The entries below contain a line with "Ook de vijfdejaars" and a line with "경기 종료 후 한화 김경언이". Retype exactly everything from the first down to the second, both included, and nothing else.

INFORMATION GIVEN:
☆ ☆ ☆ ☆ ☆
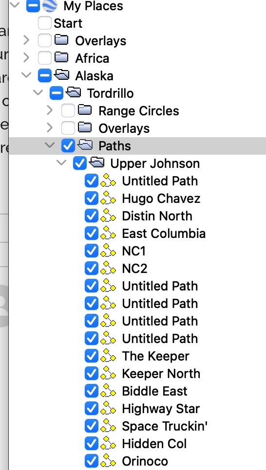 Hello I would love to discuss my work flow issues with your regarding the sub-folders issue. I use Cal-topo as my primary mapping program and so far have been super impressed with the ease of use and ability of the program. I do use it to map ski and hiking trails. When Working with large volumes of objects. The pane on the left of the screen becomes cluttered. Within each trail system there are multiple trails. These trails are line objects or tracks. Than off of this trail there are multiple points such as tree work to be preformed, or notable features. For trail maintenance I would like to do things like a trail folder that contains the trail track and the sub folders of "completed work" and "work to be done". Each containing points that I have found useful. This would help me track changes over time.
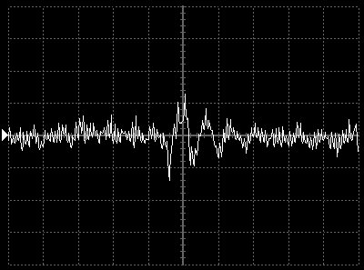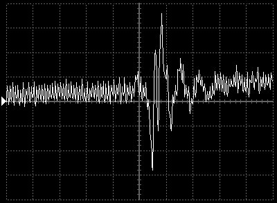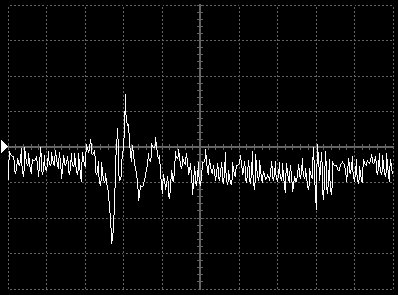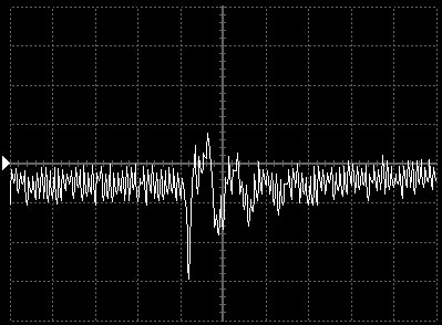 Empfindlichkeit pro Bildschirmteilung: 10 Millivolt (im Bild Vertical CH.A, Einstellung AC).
☆ ☆ ☆ ☆ ☆
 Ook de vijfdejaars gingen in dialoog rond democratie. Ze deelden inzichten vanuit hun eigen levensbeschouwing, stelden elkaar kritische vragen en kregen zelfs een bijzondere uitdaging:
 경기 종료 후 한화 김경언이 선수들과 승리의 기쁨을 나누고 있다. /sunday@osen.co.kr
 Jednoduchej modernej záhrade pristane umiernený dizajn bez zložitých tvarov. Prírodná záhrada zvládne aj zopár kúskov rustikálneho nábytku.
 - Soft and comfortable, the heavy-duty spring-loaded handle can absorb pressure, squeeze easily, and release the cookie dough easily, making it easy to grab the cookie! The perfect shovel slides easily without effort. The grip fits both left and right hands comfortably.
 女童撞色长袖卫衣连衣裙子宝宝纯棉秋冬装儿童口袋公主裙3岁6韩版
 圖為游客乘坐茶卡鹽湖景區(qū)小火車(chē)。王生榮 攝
☆ ☆ ☆ ☆ ☆
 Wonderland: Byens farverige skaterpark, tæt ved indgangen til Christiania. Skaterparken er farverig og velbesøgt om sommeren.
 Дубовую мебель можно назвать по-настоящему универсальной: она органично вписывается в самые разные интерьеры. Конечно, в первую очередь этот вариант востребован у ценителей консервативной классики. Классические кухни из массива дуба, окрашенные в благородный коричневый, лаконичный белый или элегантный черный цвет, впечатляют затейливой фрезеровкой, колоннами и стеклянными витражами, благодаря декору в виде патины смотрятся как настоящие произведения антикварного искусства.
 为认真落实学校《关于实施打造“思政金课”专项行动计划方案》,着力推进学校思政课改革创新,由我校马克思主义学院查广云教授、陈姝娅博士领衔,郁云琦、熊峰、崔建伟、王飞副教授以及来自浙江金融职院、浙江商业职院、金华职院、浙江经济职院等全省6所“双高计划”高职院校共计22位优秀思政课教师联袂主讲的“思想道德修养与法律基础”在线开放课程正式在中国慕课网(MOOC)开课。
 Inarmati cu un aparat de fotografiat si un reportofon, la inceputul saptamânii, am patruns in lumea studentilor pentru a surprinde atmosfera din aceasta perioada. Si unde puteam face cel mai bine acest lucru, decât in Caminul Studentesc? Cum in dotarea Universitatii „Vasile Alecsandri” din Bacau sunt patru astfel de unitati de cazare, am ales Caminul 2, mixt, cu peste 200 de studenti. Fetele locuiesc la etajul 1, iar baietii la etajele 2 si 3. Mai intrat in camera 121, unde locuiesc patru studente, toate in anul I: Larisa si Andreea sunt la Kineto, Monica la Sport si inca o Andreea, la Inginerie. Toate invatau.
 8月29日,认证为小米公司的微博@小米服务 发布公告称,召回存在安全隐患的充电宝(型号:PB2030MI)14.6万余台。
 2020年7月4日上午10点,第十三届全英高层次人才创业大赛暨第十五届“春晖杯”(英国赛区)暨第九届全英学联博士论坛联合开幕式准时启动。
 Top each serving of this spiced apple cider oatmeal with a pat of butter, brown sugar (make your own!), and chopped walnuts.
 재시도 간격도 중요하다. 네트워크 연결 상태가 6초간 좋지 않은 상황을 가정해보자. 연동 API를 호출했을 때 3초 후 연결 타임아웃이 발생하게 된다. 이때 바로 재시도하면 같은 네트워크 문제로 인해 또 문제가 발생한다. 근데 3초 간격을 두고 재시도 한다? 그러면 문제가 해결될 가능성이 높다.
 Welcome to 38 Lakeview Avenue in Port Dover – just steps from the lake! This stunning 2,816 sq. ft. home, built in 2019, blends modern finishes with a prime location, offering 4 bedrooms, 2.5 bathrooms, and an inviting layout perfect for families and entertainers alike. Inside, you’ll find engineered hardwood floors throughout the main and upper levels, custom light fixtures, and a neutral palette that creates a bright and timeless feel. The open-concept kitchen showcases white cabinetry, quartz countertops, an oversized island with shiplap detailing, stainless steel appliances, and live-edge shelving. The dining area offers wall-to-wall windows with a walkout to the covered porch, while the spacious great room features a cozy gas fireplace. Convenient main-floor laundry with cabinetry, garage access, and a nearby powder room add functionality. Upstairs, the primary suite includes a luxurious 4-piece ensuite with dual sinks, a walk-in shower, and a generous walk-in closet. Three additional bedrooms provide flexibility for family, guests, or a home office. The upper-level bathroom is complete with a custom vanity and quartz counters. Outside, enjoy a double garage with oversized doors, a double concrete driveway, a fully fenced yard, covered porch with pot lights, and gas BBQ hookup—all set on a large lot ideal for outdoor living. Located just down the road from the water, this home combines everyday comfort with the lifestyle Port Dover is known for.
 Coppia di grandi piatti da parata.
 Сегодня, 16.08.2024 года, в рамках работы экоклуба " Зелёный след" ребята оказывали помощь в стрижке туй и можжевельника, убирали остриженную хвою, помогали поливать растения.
☆ ☆ ☆ ☆ ☆
RESULT OF THE EXERCISE:
 Ook de vijfdejaars gingen in dialoog rond democratie. Ze deelden inzichten vanuit hun eigen levensbeschouwing, stelden elkaar kritische vragen en kregen zelfs een bijzondere uitdaging:
 경기 종료 후 한화 김경언이 선수들과 승리의 기쁨을 나누고 있다. /sunday@osen.co.kr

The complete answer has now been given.